INA JAFFE, BYLINE: After spending most of her life writing, speaking and organizing for women's rights, it's surprising that the most vivid character in Gloria Steinem is a man, specifically her father. It surprised her too.
GLORIA STEINEM: It didn't occur to me that I should start with my father because I thought I had rebelled against the life he led, in which he never had a home. And we were almost constantly in the car and a house trailer.
JAFFE: Her father was a larger-than-life figure who always had his eye on the next big chance. In reality, he sold antiques, mostly from town to town. Steinem didn't live in one place, really, until she was in high school.

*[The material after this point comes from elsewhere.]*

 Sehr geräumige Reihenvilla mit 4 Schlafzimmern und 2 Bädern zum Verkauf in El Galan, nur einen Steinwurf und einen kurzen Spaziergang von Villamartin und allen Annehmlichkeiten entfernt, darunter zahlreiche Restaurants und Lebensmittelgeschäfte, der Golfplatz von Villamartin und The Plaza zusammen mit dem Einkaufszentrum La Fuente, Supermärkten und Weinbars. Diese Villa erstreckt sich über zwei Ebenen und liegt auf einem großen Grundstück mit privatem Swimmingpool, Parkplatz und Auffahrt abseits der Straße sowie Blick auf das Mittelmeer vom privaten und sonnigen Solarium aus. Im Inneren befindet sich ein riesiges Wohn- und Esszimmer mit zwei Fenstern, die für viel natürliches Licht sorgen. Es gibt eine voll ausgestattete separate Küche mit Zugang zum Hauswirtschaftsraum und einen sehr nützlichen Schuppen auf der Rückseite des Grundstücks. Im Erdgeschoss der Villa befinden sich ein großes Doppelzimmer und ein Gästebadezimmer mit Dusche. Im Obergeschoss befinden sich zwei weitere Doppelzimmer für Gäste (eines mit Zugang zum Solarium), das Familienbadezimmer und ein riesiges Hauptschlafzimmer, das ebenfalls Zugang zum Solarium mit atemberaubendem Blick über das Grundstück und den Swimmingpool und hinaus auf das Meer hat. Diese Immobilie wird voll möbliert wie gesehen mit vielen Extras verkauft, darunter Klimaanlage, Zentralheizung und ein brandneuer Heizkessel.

In childhood, she'd longed for a home, but in writing the book, she began to think differently of her father's vagabond ways.

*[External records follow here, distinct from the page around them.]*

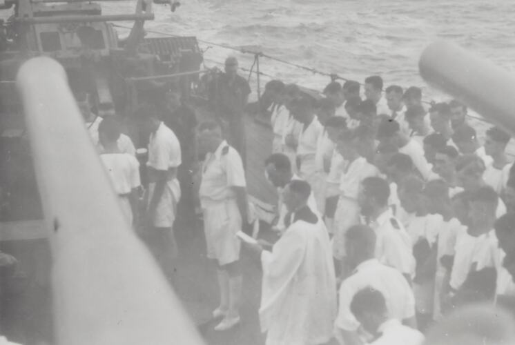 Battleships, Burial Grounds, Canons, Death & Mourning, Oceans, Priests, Sailors, Ships, Uniforms, Wars & Conflicts, World War II, 1939-1945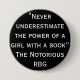 "Nunca subestime o poder de uma garota com um livro." - O notório RBG, o juiz da Suprema Corte, Ruth Bader Ginsburg, citou um botão que pode ser ainda mais personalizado com fonte ou cor e/ou transferido para outro produto.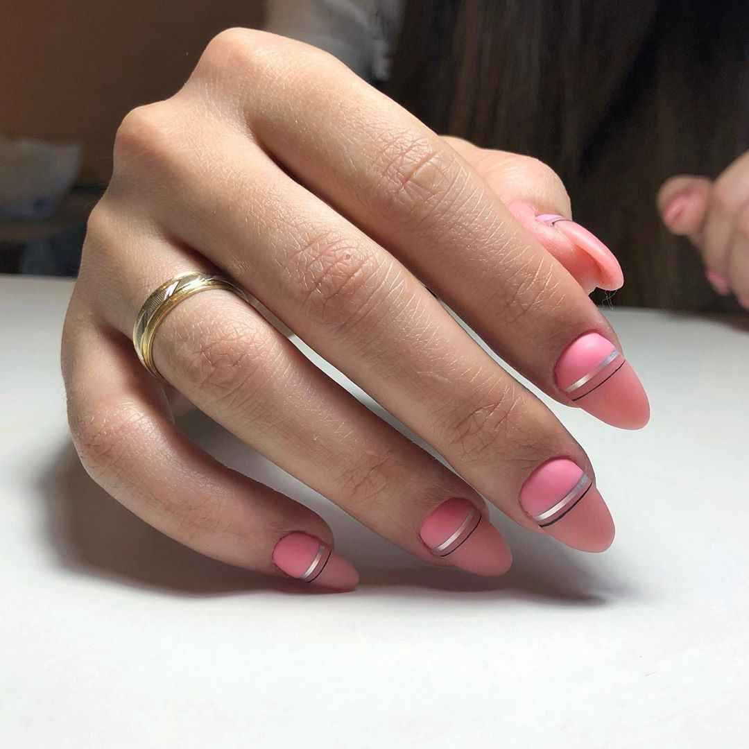 Также на ногти можно сделать асимметричный розовый френч. Эта идея отлично подойдет как для длинных, так и для коротких ногтей. К тому же представленный вариант дизайна выглядит невероятно стильно, современно и лаконично, что позволяет использовать его не только в повседневных и вечерних образах, но и в деловых.
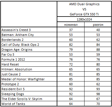 - AMD Dual Graphics медленнее GeForce GTX 550 Ti 1024 Мбайт на 46% - 54%.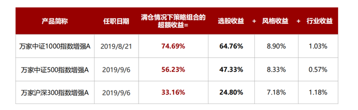 据乔亮介绍,这份超额收益主要源于选股收益、风格收益和行业收益,其中尤其以选股收益最为突出,代表产品万家中证1000指数增强的选股收益高达64.76%,中证500指增和沪深300指增选股收益也高达47.33%和24.87%,贡献了系列量化指增产品的绝大部分超额。

STEINEM: I understood that he had given me a gift, too, which is the ability to live with insecurity and to be open to the next moment's adventure, which he definitely was.
JAFFE: And which she has been for her entire adult life. In the 1950s, still in her 20s, she spent a couple of years in India. The highlight was the week she found herself traveling village to village with people organizing against violence between different castes. Later, this became her model for organizing the women's movement. Traveling itself, says Steinem, can be a kind of liberation for women.
STEINEM: The road has been viewed as a male turf. If you think of the classic "Odyssey," of, you know, classical literature or Jack Kerouac or almost any road story, it's really about a man on the road. There's an assumption that the road is too dangerous for women.
JAFFE: Steinem never assumed that. The decades that she spent on the road have made gender issues a regular part of the national conversation, so much so that it's hard to remember that when she began her journey, the notion of women's equality was, at best, an undecided question.
STEINEM: The very idea that women might be equal to men was viewed as an insult to men.
JAFFE: You can hear the hostility in this 1972 episode of NBC's "Meet the Press." Steinem appeared just after launching Ms. Magazine, the nation's first feminist mass-market monthly. She's questioned by moderator Lawrence Spivak.
(SOUNDBITE OF TV SHOW, "MEET THE PRESS")
LAWRENCE SPIVAK: Said, and I quote, "women are not taken seriously. We are undervalued, ridiculed or ignored by society which consciously and unconsciously assumes that the white male is the standard and the norm."
Now, what's your explanation for this serious state of affairs in view of the fact that men - males are at least virtually controlled and dominated by women from birth to puberty and often beyond that? Why haven't you done a better job if you're as smart as you say you are?
STEINEM: Well, that's your statement, not mine, that men are virtually controlled by women from birth onward. I mean, if you take...
JAFFE: Steinem holds her ground, and she looks just as you remember her - long hair parted down the center, body hugging sweater tucked into jeans. Now, at 81, that's still her look, but she has made some changes to her life as she's aged. She's learned that she has a need not just for travel but for a place to come home to. Still, her November schedule called for 18 public appearances in 13 different cities. Travel has not become more difficult with age, she says, and she has no plans to slow down.
STEINEM: I don't want to die saying but, you know? There's so much I want to do, so I want more time.
JAFFE: And when you get older, she says, you realized time is all there is. Ina Jaffe, NPR News.